Sympathetic ganglia and nerves except the preganglionic neurons form from the neural crest cells. During neurulation, the neural crest cells migrate to cranial, vagal, trunk and lumbosacral areas. Trunk neural crest population gives rise to sympathetic ganglia. Neural crest cells migrate ventrally to the area of future paravertebral and prevertebral plexuses forming the sympathetic chain and major ganglia around the ventral branches of the abdominal aorta.
Blood Supply and Lymphatics
Medial branches of the lumbar arteries will give ganglionic branches that supply the sympathetic ganglia and trunk. Veins drain into the corresponding lumbar veins. Lymphatics drain into lateral aortic lymph nodes.
Lumbar sympathetic chain shows variations in its position and number of ganglia. Rami communicantes of lumbar sympathetic chain crossed the common iliac arteries and joined in front of first sacral vertebra. The number of ganglia in a single chain varied from 2 to 6 with a mean of 3.9. Sympathetic chain passed posterior to the crus of a diaphragm in the majority of the cases, in a few instances, it passed behind the medial arcuate ligament. Hyperactivity of the sympathetic nervous system could be the cause of reflex sympathetic dystrophy/complex regional pain syndrome.

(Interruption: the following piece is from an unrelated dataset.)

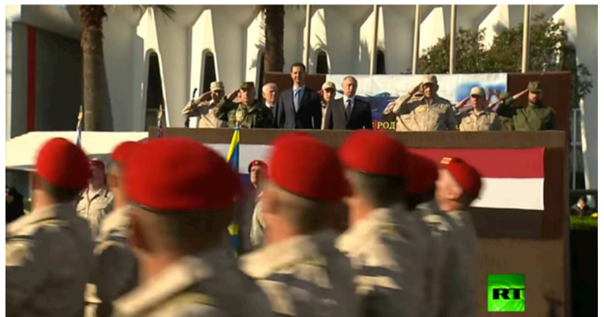
Russia Today broadcasting a parade at Hmeimim Base. General Suheil al-Hassan (right) saluting the Russian troops 70 .

Conventionally, the lumbar sympathetic chain is accessible through transperitoneal and retroperitoneal approaches. However, a novel, minimally invasive, a lateral peritoneal approach was also found safe and effective for sectioning of the sympathetic chain. Retroperitoneoscopic resection technique was also successful in lumbar sympathectomy, although the lumbar sympathetic chain is at risk while approaching an anterior lumbar spine through retroperitoneal oblique approach between psoas major muscle and aorta. During chemical lumbar sympathectomy, the puncture needle tip is placed in front of psoas major muscle inactivating agent is injected around the sympathetic chain. This procedure is associated with ureteropelvic damage, hence the introduction of selective chemical lumbar sympathectomy in which gray rami communicantes are the targets.

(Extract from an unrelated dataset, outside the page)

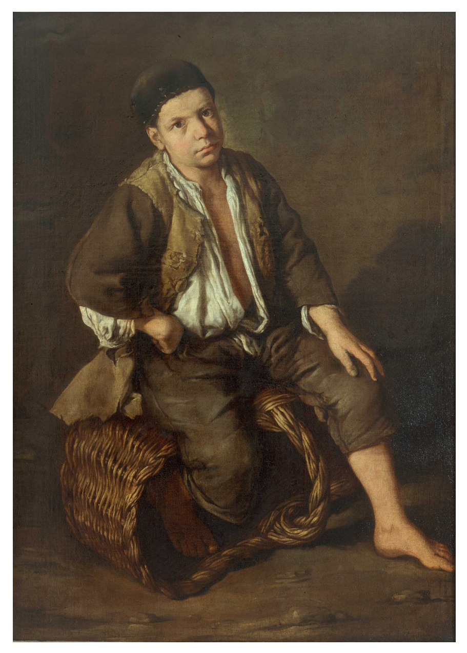
Figure 3.2 Giacomo Ceruti, Errand Boy Seated on a Basket, c. 1735. © Pinacoteca di Brera, Milano.

A sympathetic block is performed to treat several vascular disorders, lumbar sympathectomy is indicated to improve blood circulation in vasospastic disorders like Raynaud disease. It is advised to improve distal circulation to the extent that amputation can be avoided and in cases where vascular reconstruction is not available, such as Buerger disease. It is the choice of treatment in idiopathic plantar hyperhidrosis, frostbite, reflex sympathetic dystrophy and complex regional pain syndrome. The lumbar sympathectomy destroys sensory and vasomotor fibers as evidenced by relief of rest pain and increased blood flow. For the sympathetic block, the medial border of the psoas major acts as a guide for needle placement at the level of L3 where there is consistency in its relation in people with spondylophytes. Complications of the procedure are significantly reduced with radiography guided needle insertion.